Content starts

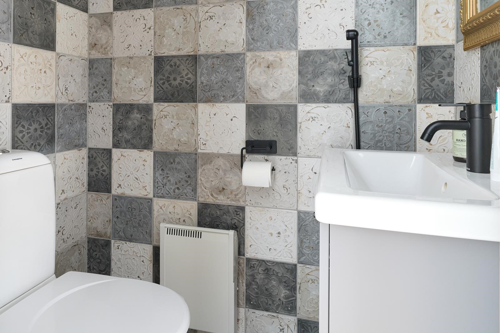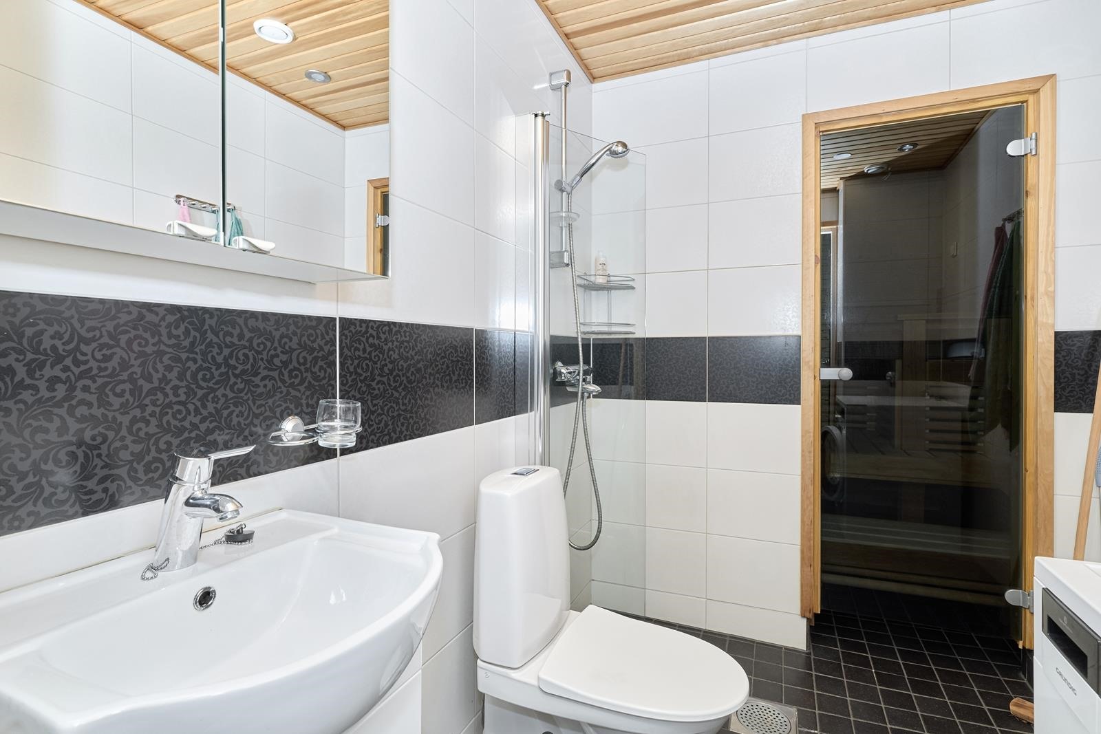 - Sauna, sähkökiuas, kylpyhuone, suihku, suihkuseinä, peilikaappi, pesukoneliitäntä, lattialämmitys.
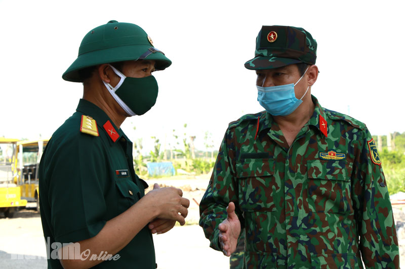 Thượng tá Trịnh Đức Thiêm, Phó Chỉ huy Trưởng Bộ Chỉ huy Quân sự tỉnh, Trưởng Ban Chỉ đạo phòng, chống dịch Covid-19 Bộ Chỉ huy Quân sự tỉnh (bên phải) trực tiếp chỉ đạo lực lượng tổ chức cách ly tập trung tại Tam Chúc
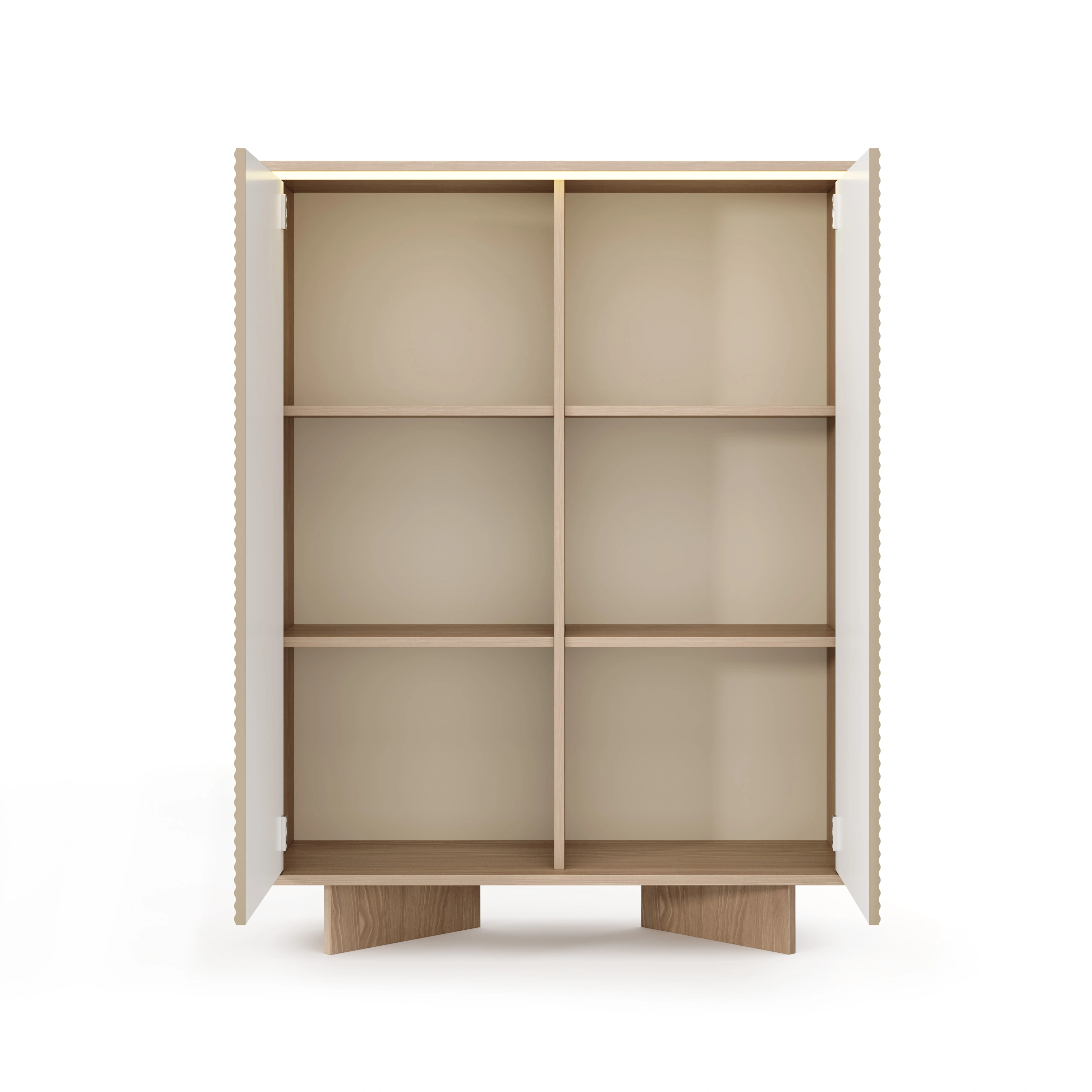 Entdecken Sie das Highboard SEMI – ein Meisterwerk modernen Möbeldesigns, das Ihrem Zuhause eine unvergleichliche Eleganz verleiht. Charakteristisch für diese 2-türige Hochkommode sind die horizontal geriffelten Fronten in der trendigen Farbe Cappuccino, die dem Möbelstück eine faszinierende Leichtigkeit und Originalität verleihen. Im harmonischen Kontrast dazu steht der Korpus in heller, warmer Holzoptik. Abgerundet wird das exklusive Erscheinungsbild durch ein einzigartiges, geometrisches Fußgestell.
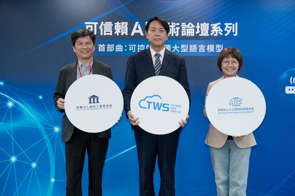 資策會副執行長楊仁達(左起)、華碩雲端暨台智雲總經理吳漢章、人工智慧科技基金會執行長溫怡玲,一起出席支持「可信賴AI技術論壇系列」,首部曲以「可控的開源大型語言模型」為主軸展開精采分享。
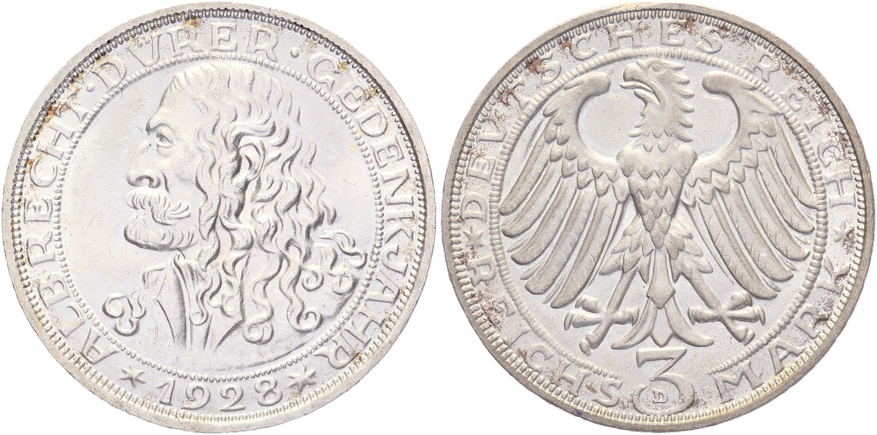 3 Reichsmark 1928D Dürer. Jaeger 332; KM 58. Fast unzirkuliert.
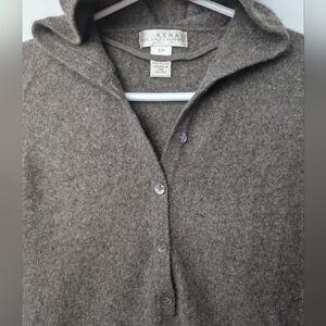 KENAR 100% Cashmere Long Sleeve Hoodie Brown Cardigan Women Size Small

Content ends

| Task item |
Starting at the first entry above and ending at the last, write everything out exactly except the pictures.

| Output for this exercise |
 - Sauna, sähkökiuas, kylpyhuone, suihku, suihkuseinä, peilikaappi, pesukoneliitäntä, lattialämmitys.
 Thượng tá Trịnh Đức Thiêm, Phó Chỉ huy Trưởng Bộ Chỉ huy Quân sự tỉnh, Trưởng Ban Chỉ đạo phòng, chống dịch Covid-19 Bộ Chỉ huy Quân sự tỉnh (bên phải) trực tiếp chỉ đạo lực lượng tổ chức cách ly tập trung tại Tam Chúc
 Entdecken Sie das Highboard SEMI – ein Meisterwerk modernen Möbeldesigns, das Ihrem Zuhause eine unvergleichliche Eleganz verleiht. Charakteristisch für diese 2-türige Hochkommode sind die horizontal geriffelten Fronten in der trendigen Farbe Cappuccino, die dem Möbelstück eine faszinierende Leichtigkeit und Originalität verleihen. Im harmonischen Kontrast dazu steht der Korpus in heller, warmer Holzoptik. Abgerundet wird das exklusive Erscheinungsbild durch ein einzigartiges, geometrisches Fußgestell.
 資策會副執行長楊仁達(左起)、華碩雲端暨台智雲總經理吳漢章、人工智慧科技基金會執行長溫怡玲,一起出席支持「可信賴AI技術論壇系列」,首部曲以「可控的開源大型語言模型」為主軸展開精采分享。
 3 Reichsmark 1928D Dürer. Jaeger 332; KM 58. Fast unzirkuliert.
 KENAR 100% Cashmere Long Sleeve Hoodie Brown Cardigan Women Size Small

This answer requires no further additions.